The function in 'fmin in scipy.optimize' module uses an intelligent search to find a minimum (not necessarily a global minimum) of any uni or multivariate function. For most purposes, 'fmin' will provide you with a good answer. Note there are several ways to pull the rough minimum out of this function, this is just a quick approach:

```
import scipy.optimize as sop
ax = plt.subplot(111)
for _p in risks:
_color = next(ax._get_lines.prop_cycler)
# https://docs.scipy.org/doc/scipy/reference/generated/scipy.optimize.fmin.html
# 10k is our x0, starting point
_min_results = sop.fmin(expected_loss, 10000, args=(_p,),disp = False)
_results = [expected_loss(_g, _p) for _g in guesses]
plt.plot(guesses, _results , color = _color['color'])
plt.scatter(_min_results, 0, s = 60, \
color= _color['color'], label = "%d"%_p)
plt.vlines(_min_results, 0, 120000, color = _color['color'], linestyles="--")
print("minimum at risk %d: %.2f" % (_p, _min_results))
plt.title("Expected loss & Bayes actions of different guesses, \n \
various risk-levels of overestimating")
plt.legend(loc="upper left", scatterpoints = 1, title = "Bayes action at risk:")
plt.xlabel("price guess")
plt.ylabel("expected loss")
plt.xlim(6000, 30000)
plt.ylim(0, 100000);
```

```
minimum at risk 20000: 15507.21
minimum at risk 34000: 14336.10
minimum at risk 48000: 13817.60
minimum at risk 62000: 13353.86
minimum at risk 76000: 12932.99
minimum at risk 90000: 12930.03
```

As expected, when we decrease the risk threshold, our optimal bid increases.

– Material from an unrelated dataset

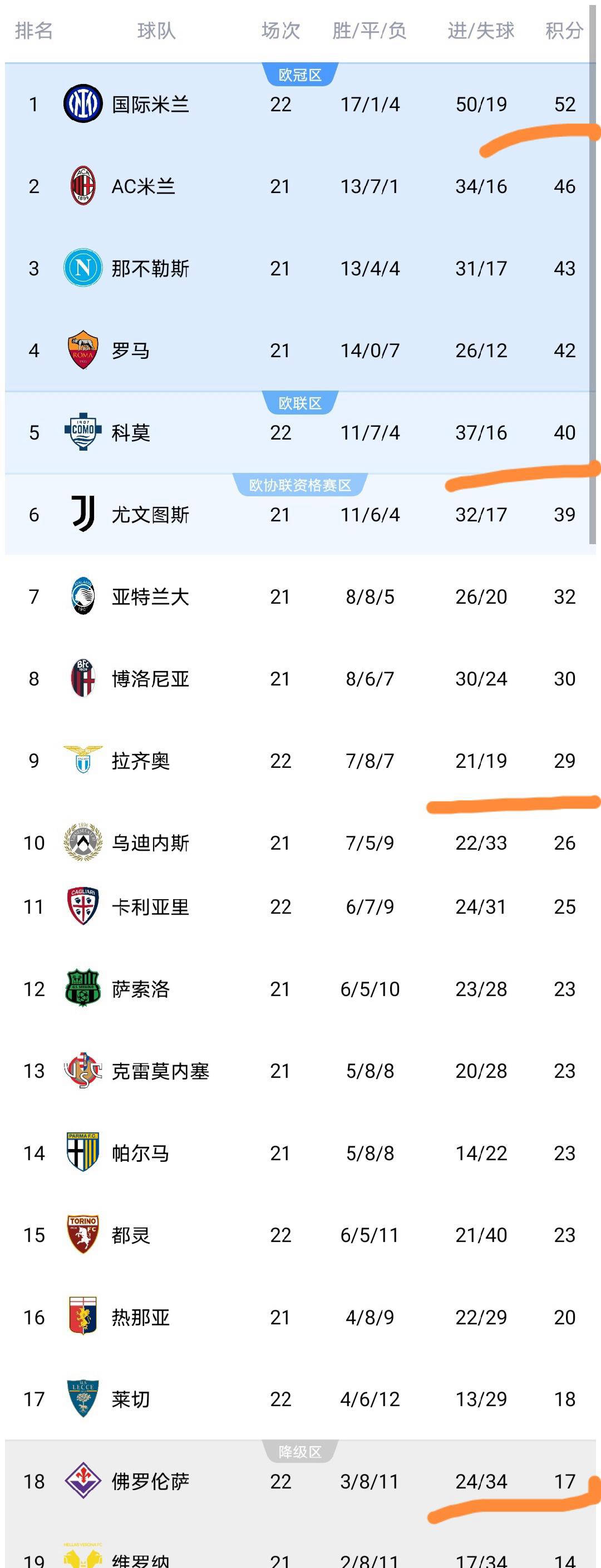 目前积分榜首依然由国米稳稳占据,尚未进行第22轮的AC米兰、那不勒斯、罗马和尤文图斯暂未改写排名。特别是国米,基本锁定榜首位置,只要自己不出现严重失误,其它球队几乎难以撼动其冠军地位。

Additionally, we can see that the overall bid is shifted lower (compared to the posterier mean above) when accounting for risk, which is in line with a realistic strategy one would undertake in this game. In other words, we'd expect someone with a level of risk aversion to slightly undercut their normal price estimate to avoid overbidding. So depending on our personal risk level, we can now select our best estimate for the showcase!